*What this task involves:*
Exactly as written, transcribe the data from its opening line through the line containing "規(guī)劃采用了S型的布". Leave every picture out.

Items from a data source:
-------------------------

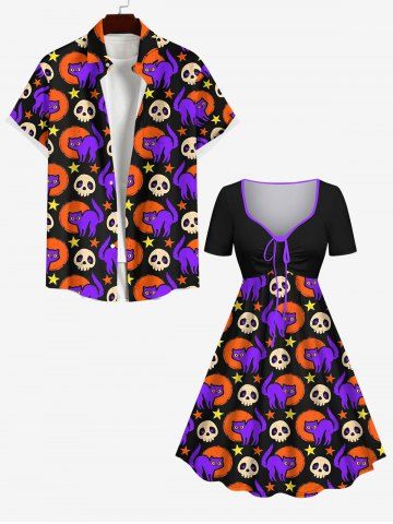 Plus Size Halloween Costume Cute Skull Cat Moon Star Print Cinched Dress - Multi-a - 1x
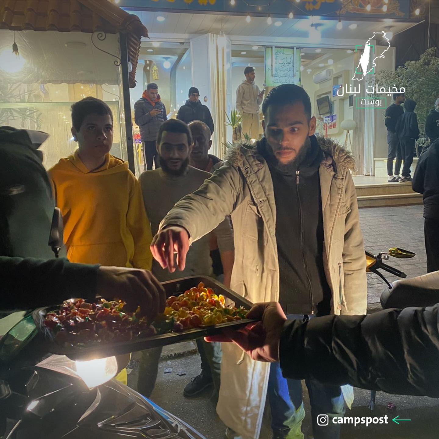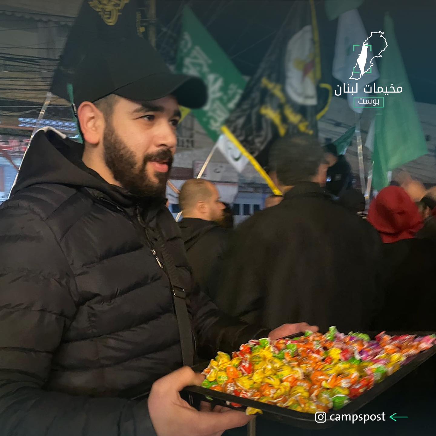 توزيع حلوى ابتهاجا في مخيم نهر البارد
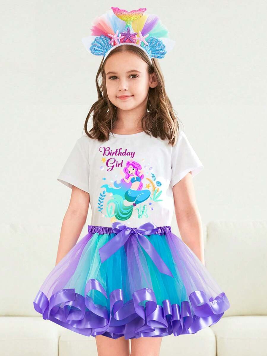 Young Girl Happy Birthday T-Shirt And Blue Mesh Skirt Set, Includes Headband And Satin Sash
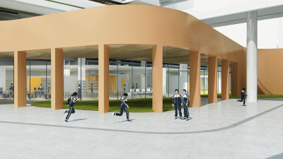 規(guī)劃采用了S型的布局關(guān)系,初中部和小學(xué)部各置一側(cè),各自有相對獨立的院落空間的同時,能夠照顧到空間的流通性,使得二者能夠方便地共享公共教學(xué)設(shè)施。
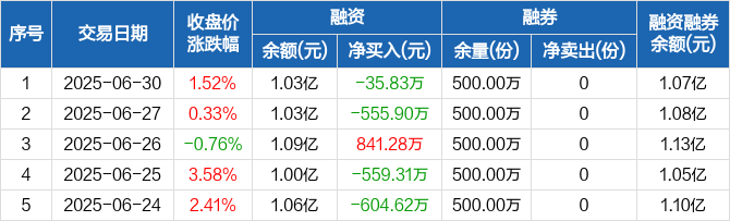 融资方面,当日融资买入334.73万元,融资偿还370.56万元,融资净偿还35.83万元。融券方面,融券卖出0份,融券偿还0份,融券余量500万份,融券余额467.5万元。融资融券余额合计1.07亿元。
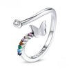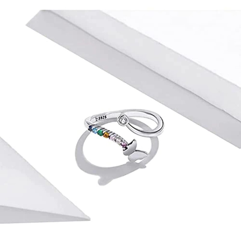 PAHALA 925 Strling Silver Rainbow Butterfly Ring Colorful Crystals Finger Weeding Party Ring
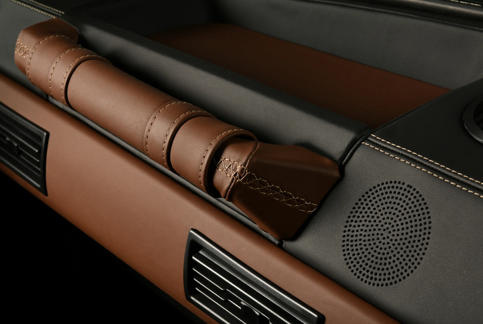 Интересно, что подвеска остается в штатном исполнении — неразрезные мосты спереди и сзади. А вот дифференциалы и полуоси пришлось допилить — они просто не вывозят мощи нового двигла. Сия стильная машина покоится на 18-дюймовых колесах с олдскульными дисками Weller.Такие тапки нужны не только ради шарма: под ними скромничают усиленные тормозные механизмы на шесть поршней спереди и четыре — сзади, ёба🫢
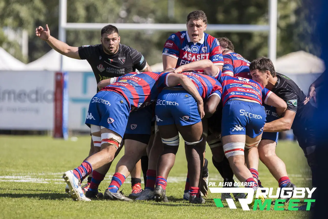 Sul finire di primo tempo arriva un pareggio rocambolesco: grubber di Juan Mostert che si inserisce in area di meta, Minozzi e Casolari si tuffano sull'ovale ma non lo toccano, arriva Mirko Belloni che schiaccia in meta per il pareggio.

-------------------------

*Worked solution:*
 Plus Size Halloween Costume Cute Skull Cat Moon Star Print Cinched Dress - Multi-a - 1x
 توزيع حلوى ابتهاجا في مخيم نهر البارد
 Young Girl Happy Birthday T-Shirt And Blue Mesh Skirt Set, Includes Headband And Satin Sash
 規(guī)劃采用了S型的布局關(guān)系,初中部和小學(xué)部各置一側(cè),各自有相對獨立的院落空間的同時,能夠照顧到空間的流通性,使得二者能夠方便地共享公共教學(xué)設(shè)施。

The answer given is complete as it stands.